The IntelliScribe prompt helps with AI-assisted annotation but can be dismissed if you prefer manual annotation.

Create phrase grounding annotations

Phrase grounding annotations link text descriptions (phrases) to visual regions (bounding boxes). Each annotation has two components:

Caption — A text description of what's in the image
Linked bounding boxes — Boxes drawn around objects, connected to specific phrases in the caption

Understand the interface

Before annotating, familiarize yourself with the available tools:

Tool	Shortcut	Purpose
Rectangle	R	Draw bounding boxes around objects
Text	T	Write or edit the image caption
Highlight	H	Highlight phrases in the caption to link to boxes
Delete	D	Remove bounding boxes or phrase links
IntelliScribe Caption	C	AI-generate a caption based on the image
IntelliScribe Phrases	P	AI-highlight phrases for unlinked boxes
Esc	Esc	Exit current tool mode

Learn about AI-assisted tools →

Write or generate captions

Every phrase grounding annotation starts with a caption that describes the image content.

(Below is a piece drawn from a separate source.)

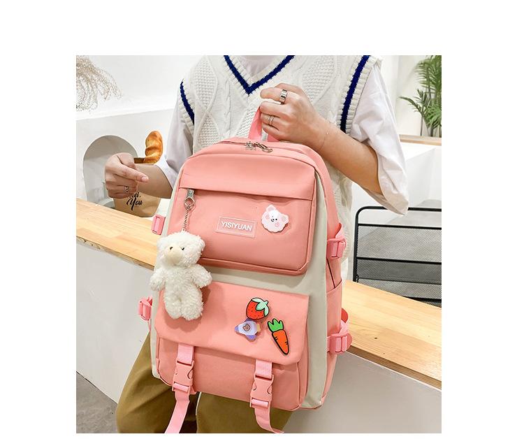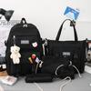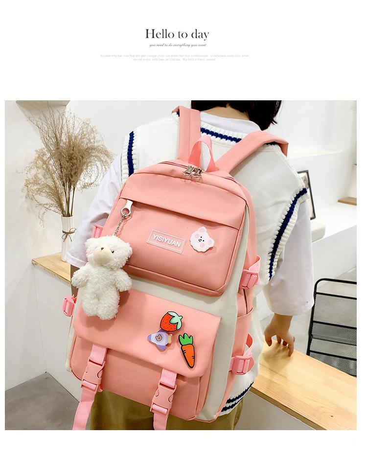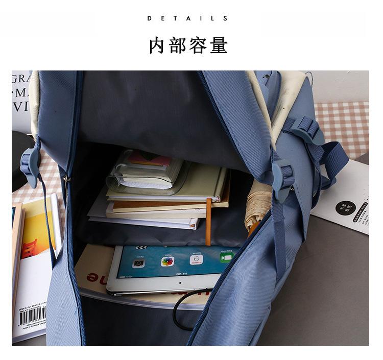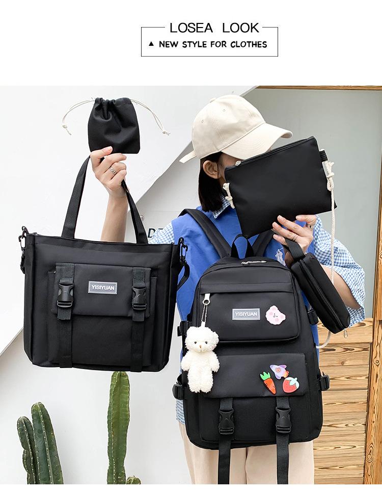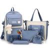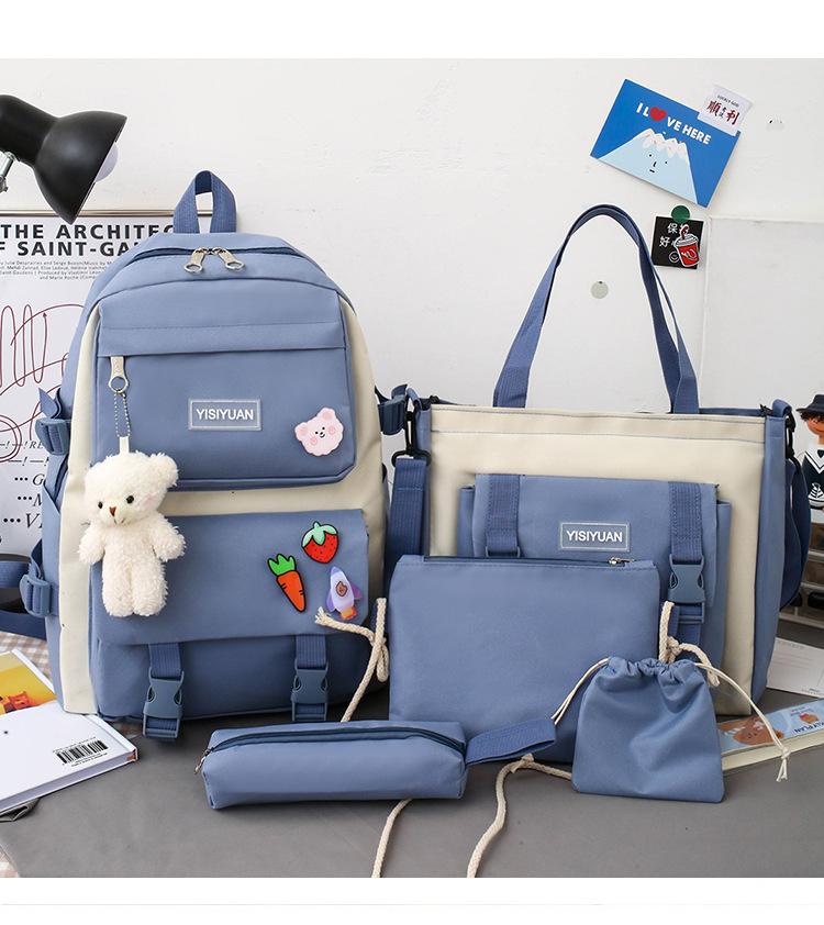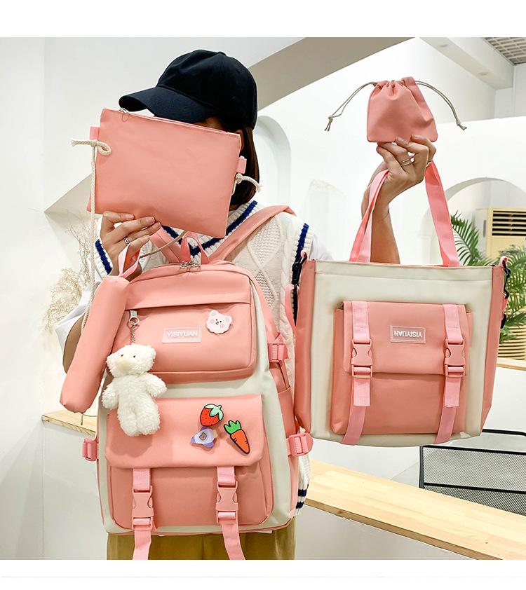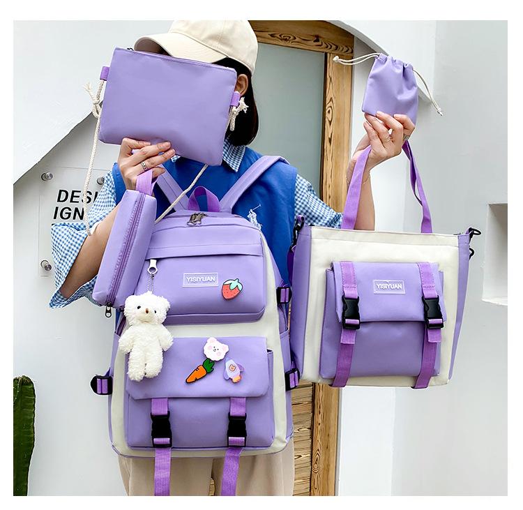 Nueva mochila de lona para mujer, estilo coreano Harajuku, mochila escolar de cinco piezas de gran capacidad, mochila para estudiantes universitarios, venta al por mayor

Option 1: Write caption manually

Press T or click the Text tool
Type your caption in the Phrase Grounding panel on the right
Describe the main objects, their attributes, and relationships

Example captions:

"A black FPGA development board featuring a large black FPGA chip in the center, a row of gold pin headers along the top, a 7-segment LED display on the right showing digits"
"Two red apples and three green apples on a wooden table"
"A person wearing a blue safety helmet standing next to industrial machinery"

Option 2: Generate caption with AI

Press C or click the IntelliScribe Caption button
Review the AI-generated caption in the Phrase Grounding panel
Edit as needed using the Text tool (press T)

Learn more about IntelliScribe →

✅
Caption writing best practices

Be descriptive — Include colors, sizes, positions, and other distinguishing features

Be specific — Use precise terms for objects ("FPGA chip" vs. "chip")

Include spatial relationships — Mention locations ("on the left", "in the center", "at the top")

Keep it natural — Write complete sentences as you would describe the image to someone

See Annotation best practices for detailed guidelines.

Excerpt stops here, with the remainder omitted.